_What is needed_.
Exactly the line with "Fleepmart Summer Sweet" and the lines that follow it, through the closing line of the entries, should be restated, with nothing left out or added.

Data items:
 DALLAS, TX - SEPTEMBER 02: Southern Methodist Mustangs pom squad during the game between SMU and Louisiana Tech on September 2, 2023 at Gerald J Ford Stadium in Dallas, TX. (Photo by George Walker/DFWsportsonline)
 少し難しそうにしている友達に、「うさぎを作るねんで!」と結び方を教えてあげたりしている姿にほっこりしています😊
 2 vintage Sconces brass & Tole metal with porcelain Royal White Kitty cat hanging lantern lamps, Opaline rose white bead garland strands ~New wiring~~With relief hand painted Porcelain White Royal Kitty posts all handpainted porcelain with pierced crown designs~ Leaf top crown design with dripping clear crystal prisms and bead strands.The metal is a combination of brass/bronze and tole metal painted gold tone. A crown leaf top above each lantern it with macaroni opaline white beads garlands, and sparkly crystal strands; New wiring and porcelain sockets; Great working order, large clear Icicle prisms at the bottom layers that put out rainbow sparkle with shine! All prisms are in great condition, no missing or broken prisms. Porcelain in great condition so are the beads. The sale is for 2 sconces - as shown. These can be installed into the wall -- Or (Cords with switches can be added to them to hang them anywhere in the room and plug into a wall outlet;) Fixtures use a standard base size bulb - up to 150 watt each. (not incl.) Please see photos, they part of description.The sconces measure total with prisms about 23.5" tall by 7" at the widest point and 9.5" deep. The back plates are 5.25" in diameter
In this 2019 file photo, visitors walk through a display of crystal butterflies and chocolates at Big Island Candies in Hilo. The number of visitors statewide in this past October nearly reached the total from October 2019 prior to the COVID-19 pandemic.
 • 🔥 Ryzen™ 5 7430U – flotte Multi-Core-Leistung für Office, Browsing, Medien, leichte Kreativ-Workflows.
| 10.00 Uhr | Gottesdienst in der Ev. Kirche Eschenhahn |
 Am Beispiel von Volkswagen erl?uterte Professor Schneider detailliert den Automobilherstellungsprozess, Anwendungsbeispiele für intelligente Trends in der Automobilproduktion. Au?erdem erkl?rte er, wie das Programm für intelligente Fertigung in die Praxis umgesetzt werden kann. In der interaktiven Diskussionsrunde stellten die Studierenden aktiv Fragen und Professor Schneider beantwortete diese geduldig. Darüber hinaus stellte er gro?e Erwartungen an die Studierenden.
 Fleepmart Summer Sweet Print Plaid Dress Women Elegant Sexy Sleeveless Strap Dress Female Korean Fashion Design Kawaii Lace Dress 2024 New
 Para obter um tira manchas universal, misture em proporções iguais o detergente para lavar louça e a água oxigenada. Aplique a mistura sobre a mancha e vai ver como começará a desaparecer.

_Solution to the exercise_.
 Fleepmart Summer Sweet Print Plaid Dress Women Elegant Sexy Sleeveless Strap Dress Female Korean Fashion Design Kawaii Lace Dress 2024 New
 Para obter um tira manchas universal, misture em proporções iguais o detergente para lavar louça e a água oxigenada. Aplique a mistura sobre a mancha e vai ver como começará a desaparecer.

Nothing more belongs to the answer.